Problem details
Nothing outside the lines below from the one containing "Plate 1.1 Te" through the one containing "Combined with tooth-colored" is to be printed; print those exactly, ends included, and drop the pictures.

━━━━━━━━━━━━━━━━━━━━━━━━━━━━━━

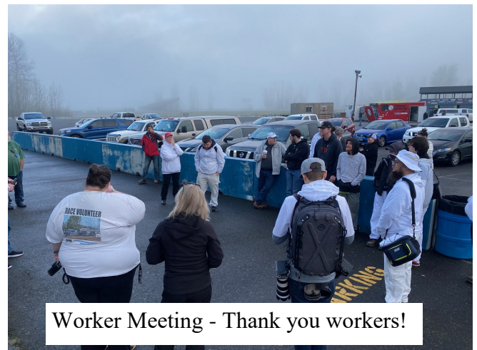
Worker Meeting - Thank you workers!
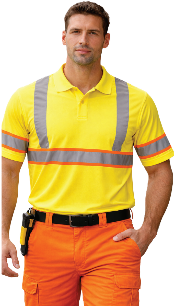
Short Sleeve Hi-Vis Work Shirt

Flexible and comfortable for everyday work use. Designed to support mobility and visibility on site.
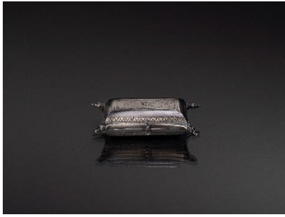
Miniatur-Nähkissen | Miniature Sewing Cushion
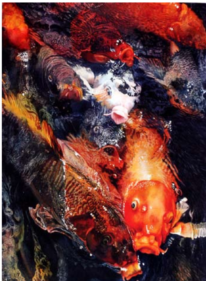
Feeding Time (watercolor on paper, 30x22) by Soon Y Warren NATIONAL WATERCOLOR SOCIETY
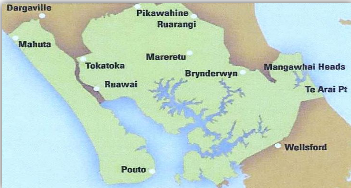
Plate 1.1 Te Uri o Hau Estates and Territories: Statutory Area of Interest
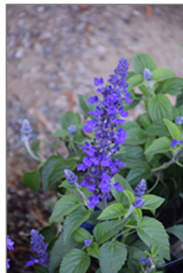
Mysty Salvia flowers
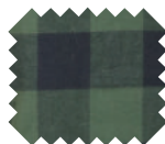
Vert / Forêt Green / Forest
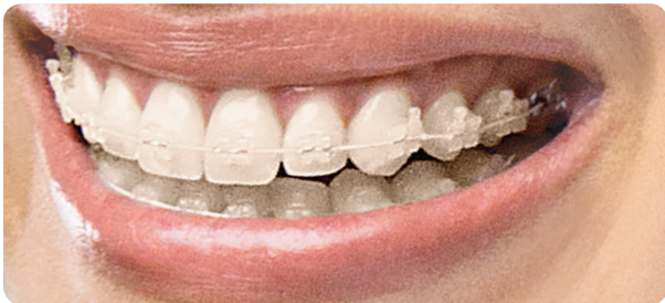
Combined with tooth-colored wire, your braces are almost invisible.

ClearVu Cosmetic Braces are designed not only to correct your teeth efficiently and effectively, but also provide you the most comfortable, visually pleasing braces available. Choosing ClearVu Cosmetic Braces means you will be able to feature your smile, not your braces, throughout your treatment.
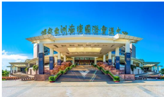
BFA International Conference Center
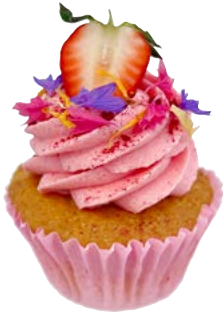
Sweet Spring. Strawberry, Rhubarb & Custard 7.50

Spring on a plate. Light and fluffy buttermilk sponge is filled with rhubarb & strawberry purée before being topped with a vanilla custard and cream cheese frosting.
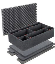
1650TPKIT TrekPak Case Divider Kit
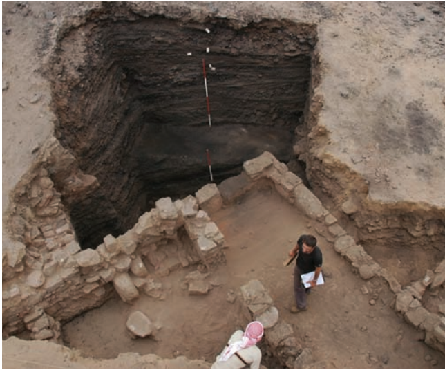
Four-room building associated with massive industrial slag mound in Area M, Khirbat en-Nahas. Over 6.5 m of slag accumulated here with the main phases of copper production dating to the 10 th and 9 th centuries B.C.E.

duction that we tentatively link to the military campaign of the Egyptian Pharaoh Sheshonq (Shishak) I. The radiocarbon dates and 21 st Dynasty Egyptian artifacts found here point to this confluence. A scarab found in these levels is illustrated above. The scarab belongs to an early Iron Age mass produced series made of enstatite, which is foreign to Jordan. According to Stefan Muenger, these originate in the eastern Delta in Egypt, possibly Tanis where they were produced during the reign of the pharaohs Siamun and Sheshonq I in the 10 th century B.C.E. Thus, the archaeometallurgical data show industrial metal production in both the 10 th and 9 th centuries B.C.E. These data, coupled with our earlier work, demonstrate that the Iron Age of southern Jordan is at least 200 years, and possibly as much as 400 years, older than the chronology proposed by Crystal Bennett and other researchers. Our work does not attempt to re-date the Iron Age sites in the highlands of Edom but rather shows that the earliest core area of Iron Age settlement was down in the lowlands near the copper ore resources. This is especially apparent in the ceramic studies carried out by Neil Smith for his UCSD doctoral research on the Iron Age pottery from KEN and other sites excavated by our team.
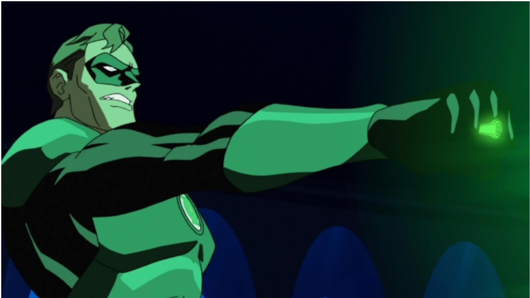
Green Lantern: First Flight was released on DVD on July 28th, 2009.

In 2007, Warner Brothers and DC started releasing a series of PG-13 animated, full-length feature films with a surprisingly artistically successful franchise of films. “Superman: Doomsday” started the line, followed by the excellent “Justice League: The New Frontier” (easily the best of the franchise to date) and very good “Batman: Gotham Knight” in 2008. This year has given us the so-so “Wonder Woman” and now the very disappointing “Green Lantern: First Flight,” a release that not only falls below the franchise standard in film quality but DVD presentation as well.
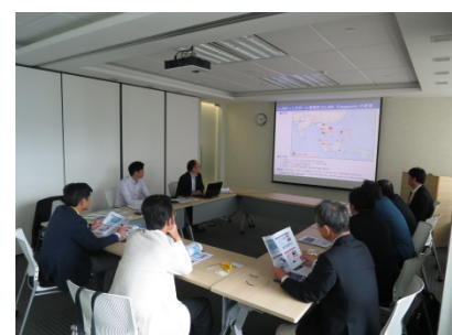
【Conducting briefings at J.CLAIR Singapore Office】
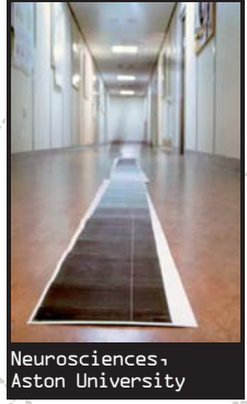
Neurosciences, Aston University
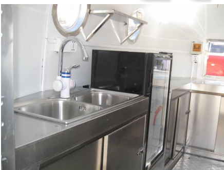
- Kitchen Equipment -
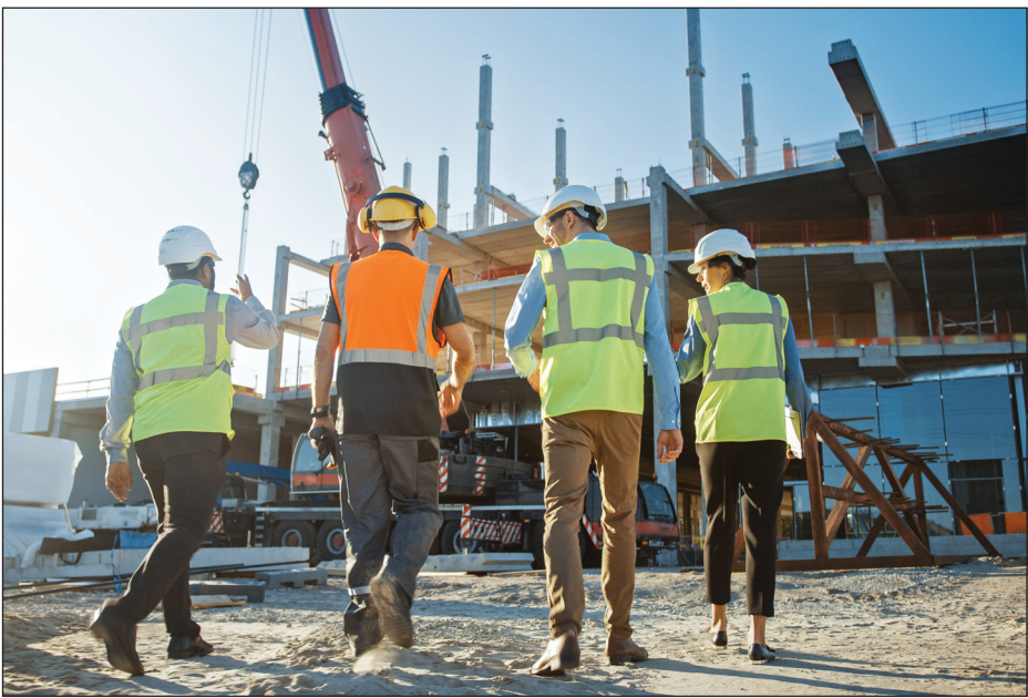
Although limited industrial land presents challenges when building a robust infrastructure, taking a creative approach to repurposing existing sites offers a feasible solution.

Earlier this year, Governor Shapiro and legislators announced a new $500 million fund to help communities like ours to do just that. ABCD Corporation, in partnership with the Chamber, is in the planning phases of identifying and qualifying a primary industrial reuse opportunity that could support new business expansions. We intend to apply for funding through
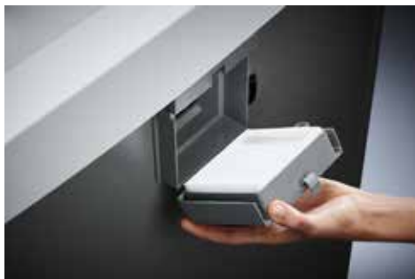
Dahle Top Secret 706air document shredder
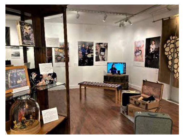
The Suitcase Project Exhibition
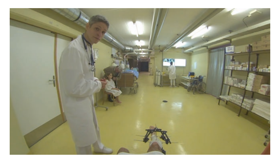
Fig. 7.2 A doctor greets the viewer/patient in a wheelchair before the blast. Not A Target , 2016

confrontation with the audiovisual evidence without any explanation given or character to follow.
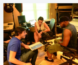
Mixdown Studio New York, USA 🇺🇸 - 2013
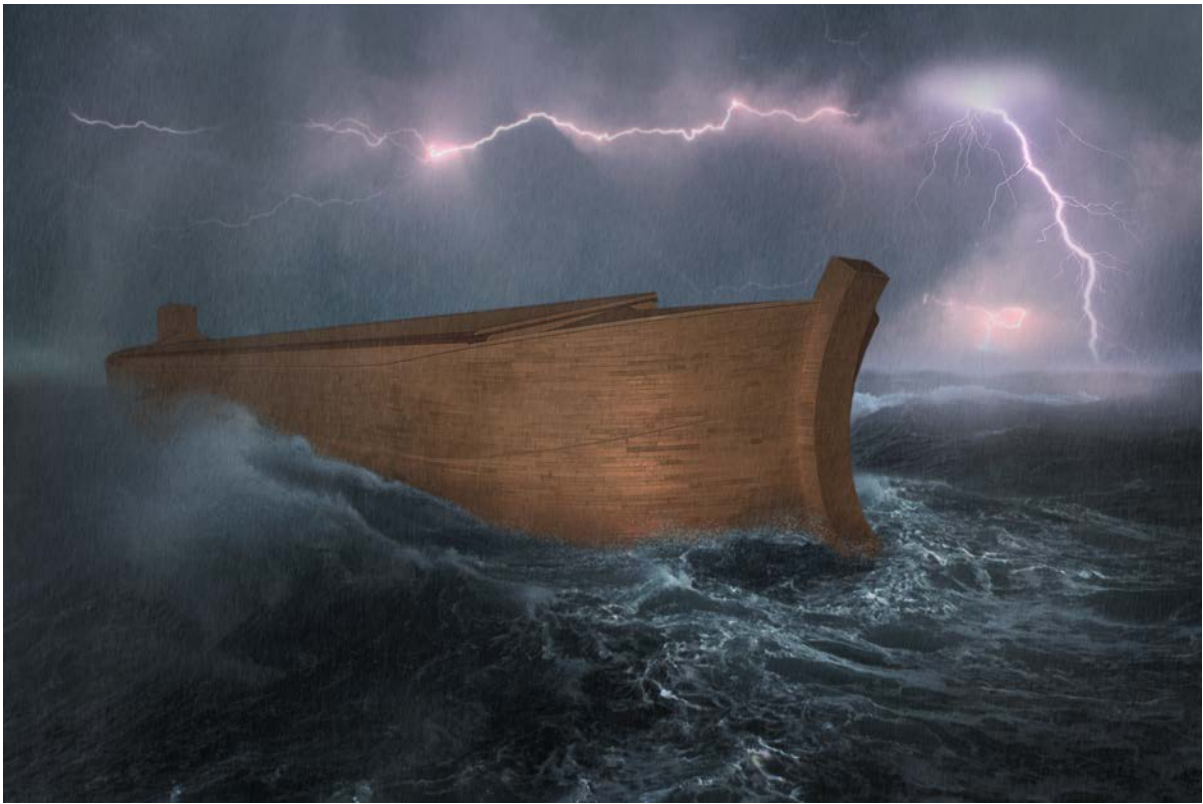
Caption: Struck! The Series. The Ark rises above a world-ending flood, saving Noah's family of eight.
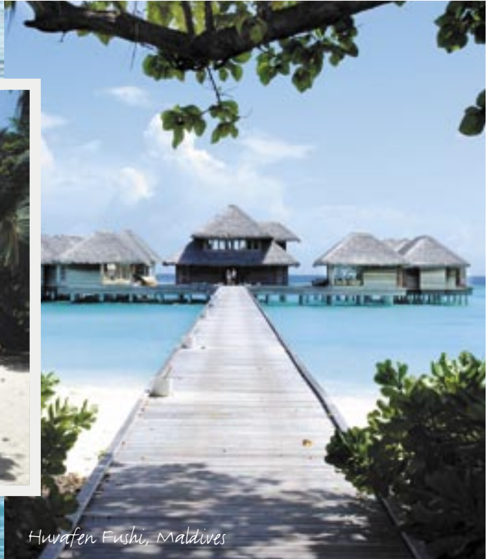
Huvafen Fushi, Maldives
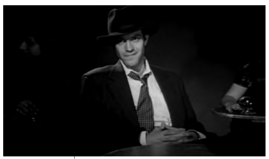
Humming, dir. Ben Waters (2003)
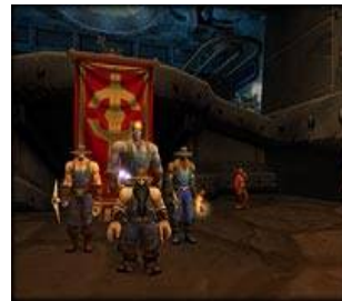
Figure 4. World of Warcraft

Ragnarok (Figure 3) is a Massively Multiplayer Online Game based on Norse mythology and the Korean graphic series with the same name written by Myung-Jin Lee. Users can create characters and venture off alone or in groups in far-flung fantasy worlds full of adventure. The game deals with quests for treasured parts, when collected they increase the player's powers in game. The graphical design of the environments has been inspired by mythological and historical elements from various cultures around the world. Furthermore, it features hand-drawn, Japanese-style rendered characters in realistic 3D backgrounds. Character development is provided through character levels to allow for stats adjustments, while job levels let players pick new skills that depend on the player's job class.
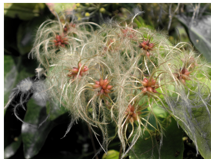
Clematis vitalba, Old Man's beard
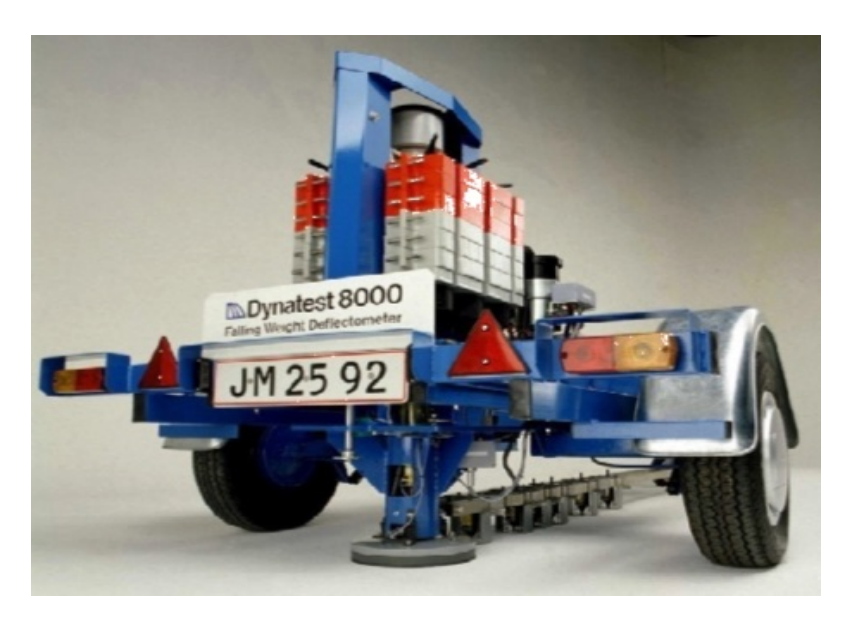
Figure 2. Dynatest 8000 FWD deflekcometer [9]

Data processing was performed using ELMOD 5.0 software package. Developed by Dynatest International A / S and uses an approximate method based on Boussinesq's Equations and Odemark's Equivalent Thickness Method for Estimating Layer Modules on the Deflection Database. Data processing, or "backcalculation", is based on the iterative procedure of calculating the modulus of pavement layers elasticity (figure 3).
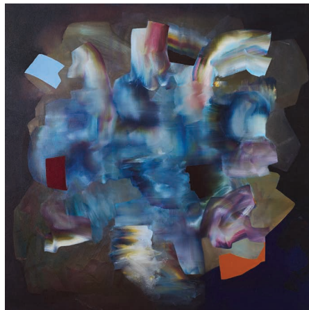
Cover With Eyes Peeled 2019 Oil on canvas 183 x 183cm
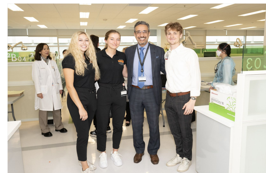
Senior Smiles 2023
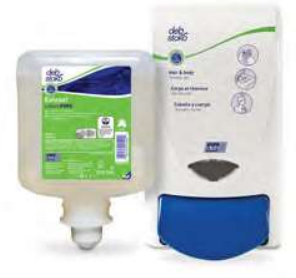
Light Duty Cleanser
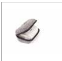
AirMini Travel Case 38841

For a complete list of AirMini accessories, and AirMini Bedside, Freedom and Travel Starter Kits, please refer to the AirMini Product and Accessories Fact Sheet.
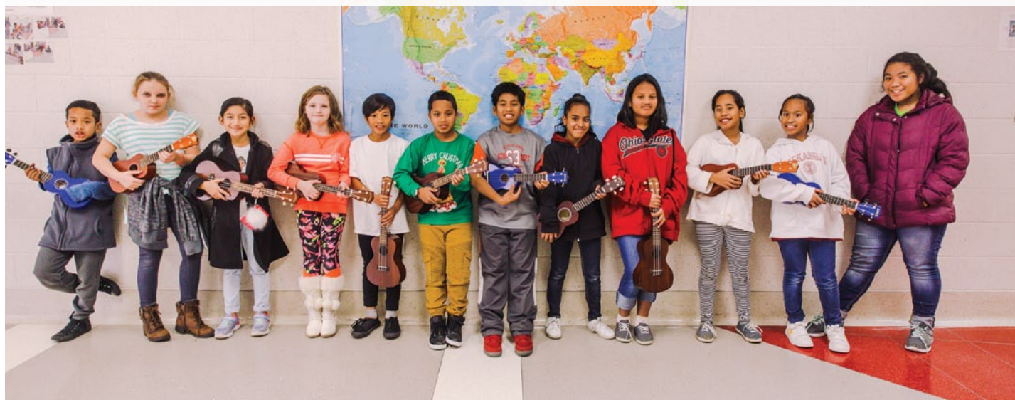
Music can help students learn about diverse cultures found in Arkansas classrooms.

Creating thoughtful and innovative partnerships with schools, local arts organization and community leaders can provide access to enriching arts-based opportunities for a child into adulthood. Utilizing the arts as a viable tool for student engagement allows for development of technical and practical skills considered instrumental in academic and career success.

━━━━━━━━━━━━━━━━━━━━━━━━━━━━━━

Response below
Plate 1.1 Te Uri o Hau Estates and Territories: Statutory Area of Interest
Mysty Salvia flowers
Vert / Forêt Green / Forest
Combined with tooth-colored wire, your braces are almost invisible.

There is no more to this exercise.